International observers and Ukrainian officials have accused Rosatom personnel of participating in the plant’s militarization, undermining nuclear safety and violating international conventions. Despite this, Rosatom continues to operate freely in global markets, including within the EU.
Is France Trying to Reduce Its Exposure?
French nuclear firms, particularly Orano, have positioned themselves to benefit from a partial restructuring of the global nuclear market. Orano operates one of the world’s largest uranium conversion facilities in Malvési and is expanding enrichment capacity at its Georges Besse II plant in Tricastin.
However, scaling up these facilities takes time and investment. Industry analysts estimate that replacing Russian enrichment capacity in Europe alone could take 5–10 years and require billions of euros in new infrastructure.

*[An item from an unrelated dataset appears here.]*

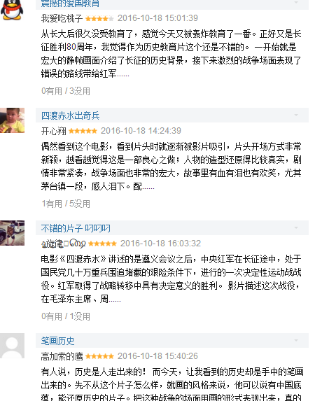 以往,主旋律电影一经制作上映,虽然票房数据总是盛世太平,但熟悉电影的朋友们想必也都知道票房何来,在互联网这样最真实的环境下更是经不起太多考验。而这一回,无论是在诸如豆瓣等互联网各大影视论坛上,还是在影院实地采访中,不少观众都表示,能够在享受一部大片的同时,让大伙儿感受到革命战争年代的共产主义理想与浪漫情怀,以及毛泽东挥斥方遒的运筹帷幄掌兵之道,制片方确实走出了一条让革命精神传承,让国民不忘初心的创新之路。更有不少“冲动”的朋友在留言中写道,在工作之余为了尽早感受影片所带来的热血燃烧的革命战争体验,花费流量看完了这部片子。

In the meantime, France continues to navigate a contradiction: publicly championing Ukraine’s sovereignty while remaining indirectly tied to Russia through the nuclear fuel cycle.
What Risks Does This Pose for Europe?
The continued exemption of nuclear trade from sanctions exposes Europe to several long-term risks:
- Strategic vulnerability, as Russia retains leverage over critical energy infrastructure
- Political inconsistency, undermining the credibility of EU sanctions
- Moral hazard, as Rosatom profits despite its involvement in Ukraine
- Supply shocks, should Moscow weaponize nuclear fuel exports in the future
Greenpeace and other civil society groups warn that failing to address nuclear dependence now could leave Europe exposed to the same kind of coercion it experienced with gas before 2022.
Is Nuclear Europe’s Next Strategic Battleground?
As Europe accelerates its energy transition and reconsiders nuclear power as a low-carbon alternative, uranium and fuel-cycle dependencies are emerging as the next major fault line in EU–Russia relations.
While oil and gas ties have been dramatically severed, the nuclear sector remains an unresolved vulnerability—one where France sits at the center of a complex web of industrial capability, political compromise, and geopolitical risk.